Tuesday, May 14, 2013

A Modest Proposal: Drill-Ban Towns Could Just Ask Folks to Vote with Their Square Feet

I realize this idea will never fly.  But it would be much fairer than the current confiscatory state of affairs regarding shale gas in New York, where the winners don't even bother seeking to meet the losers half-way.

Rather than put in a temporary moratorium or permanent ban on drilling, New York townships could simply rent the underlying mineral rights — and then decline to use them.  It's not a solution that relies on blunt regulation, or fiat, but on compromise and horse-trading.

It's very similar to a public agency, or an environmentally minded group, buying development rights, sometimes also known as conservation easements.  These involve willing sellers, willing buyers, and prices they meet at someplace in the middle.

In New York, towns wouldn't have to lease everything.  Just a tad above 40%, on average, crazy-quilted across the landscape, would prevent any serious operator from qualifying for a state permit for anything other than an old-school vertical well.

Town leaders could just sit down with the grassroots landowner coalitions and negotiate the price on a 5- or 10-year model lease:  Joe and Josephine Landowner, Lessor, to Town of Freakout, Lessee.  And then the town would have to pay up, of course.  And, yes, you'd have to do it all over again in five or ten years, if the townspeople haven't come around to any kind of New Religion in the meanwhile.

To motivate the marketplace, a town could run it as a first-come, first-serve, limited-time-offer kind of thing — at least until its quota is reached, at which point they could close up the lease-buying shop, and the latecomers lose their chances.

Put the word out what the standing offer is, buy some lunch for a few otherwise idle notaries public, and schedule a couple signings en masse.  Possibly sync these events up with a chicken barbecue or something, and put on some heartfelt presentations in the school auditorium themed "Peace in Our Time."
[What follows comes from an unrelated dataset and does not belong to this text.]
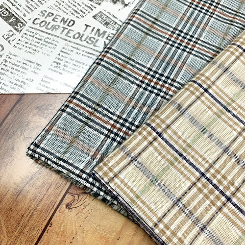 【50cm単位】【1.5mまでメール便対応】コットン 綿 リネン 麻 テトロン チェック ブルー 青緑 ベージュ 布 先染め ワイド幅 幅広

People with a lot of land effectively get a discount, or possibly even a rebate, on their land taxes.  Villagers and small lot holders make up the difference.  It's an end to the bully's free lunch of getting away with just pushing people around.

Ever-mistrustful anti's would be free to boycott the proceedings by either relying instead upon their tallies of acreage that's already pledged to never (again) be put under lease.  Or by leasing all their land, for a nominal price, and for the same no-drill purpose, to an organization they feel confident will never do anything with those rights.

Vote with your square feet.

Either way, you add it all up, and you could put a rough pricetag on the preliminary costs of a community's decision to decline the opportunity shale gas poses — at least within the current climate of nagging skepticism that New York will ever be able to get its act together on this score.

The point is these bans cost something.  For those landowners willing to turn down such an opportunity, and to eat those costs on principle, I see it as a matter of private rights and choice, and I cannot object. 

But for those who demand to be compensated for something owned — something that's essentially being confiscated from them by popular will — show them the money.  To me, it's just another side to the coin of "environmental justice."

Then put the whole lease plan to a referendum, including the final costs.  If the townsfolk start back-peddling when the final bill comes due, well, then, that should tell you something about the depth of their current mania.

All this is the same kind of tough choice anybody faces in any kind of legitimate marketplace:  If there's no cost to the proponent, demand is unlimited, but, if there's skin in the game — well, then, not so much.

Friday, May 10, 2013

Millennium Pipeline Floats Upstate North-South Natural Gas Connector

Yet another chance for New York's anti-development forces to say "not in my backyard," even while thousands of Upstate residents, businesses, and institutions — including Whitney Point, NY, my hometown — continue to have no competitive consumer-level energy options other than electricity, trucked-in fuel oil/propane, or the joys of firewood.


The developer — a consortium known as Millennium, which includes National Grid as a member, and which already controls the main west-east pipeline through New York's Southern Tier — floated trial balloons on this 60-mile south-north natural gas pipeline plan on May 9-10, 2013.  Unsurprisingly, no mainstream or web-based outlets have so far gone to the trouble of posting the map, which to me is the most interesting thing.  So I dug it out myself.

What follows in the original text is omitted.